■ Listed records ■
^^^^^^^^^^^^^^^^

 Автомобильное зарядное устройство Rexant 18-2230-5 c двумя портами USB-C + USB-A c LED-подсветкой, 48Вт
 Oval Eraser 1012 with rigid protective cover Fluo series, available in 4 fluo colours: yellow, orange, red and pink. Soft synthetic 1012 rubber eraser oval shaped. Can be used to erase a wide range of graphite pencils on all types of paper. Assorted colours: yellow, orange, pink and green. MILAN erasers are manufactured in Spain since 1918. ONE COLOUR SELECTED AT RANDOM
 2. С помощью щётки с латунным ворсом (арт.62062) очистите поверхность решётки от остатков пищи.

^^^^^^^^^^^^^^^^

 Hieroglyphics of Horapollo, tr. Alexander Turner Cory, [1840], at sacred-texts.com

^^^^^^^^^^^^^^^^

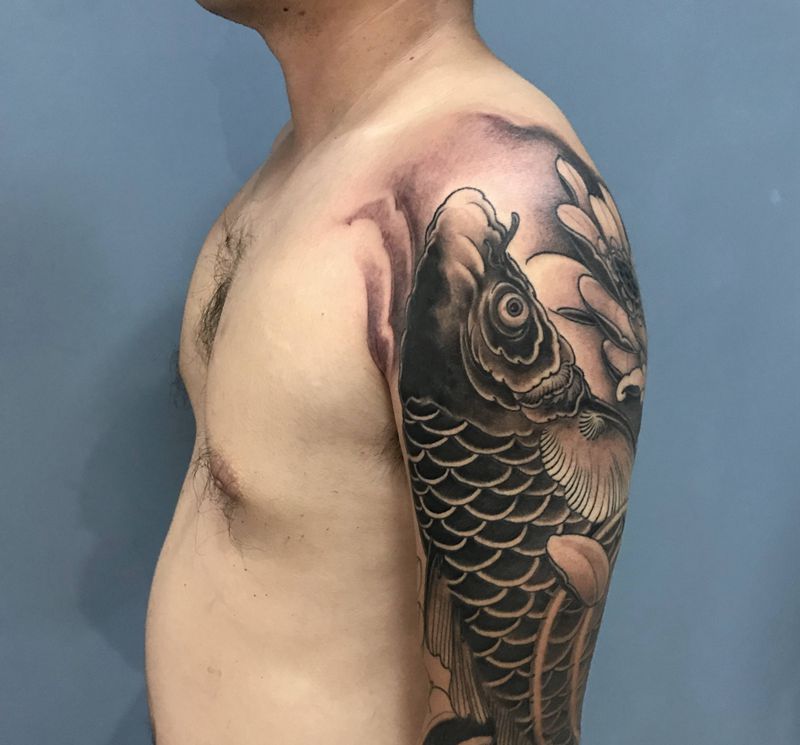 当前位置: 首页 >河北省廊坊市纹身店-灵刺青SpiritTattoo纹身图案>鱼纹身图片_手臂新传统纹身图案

^^^^^^^^^^^^^^^^

Exact duplication is required for the lines above, from the line that contains "Oval Eraser 1012" to the line that contains "2. С помощью", inclusive; omit all others.

 Oval Eraser 1012 with rigid protective cover Fluo series, available in 4 fluo colours: yellow, orange, red and pink. Soft synthetic 1012 rubber eraser oval shaped. Can be used to erase a wide range of graphite pencils on all types of paper. Assorted colours: yellow, orange, pink and green. MILAN erasers are manufactured in Spain since 1918. ONE COLOUR SELECTED AT RANDOM
 2. С помощью щётки с латунным ворсом (арт.62062) очистите поверхность решётки от остатков пищи.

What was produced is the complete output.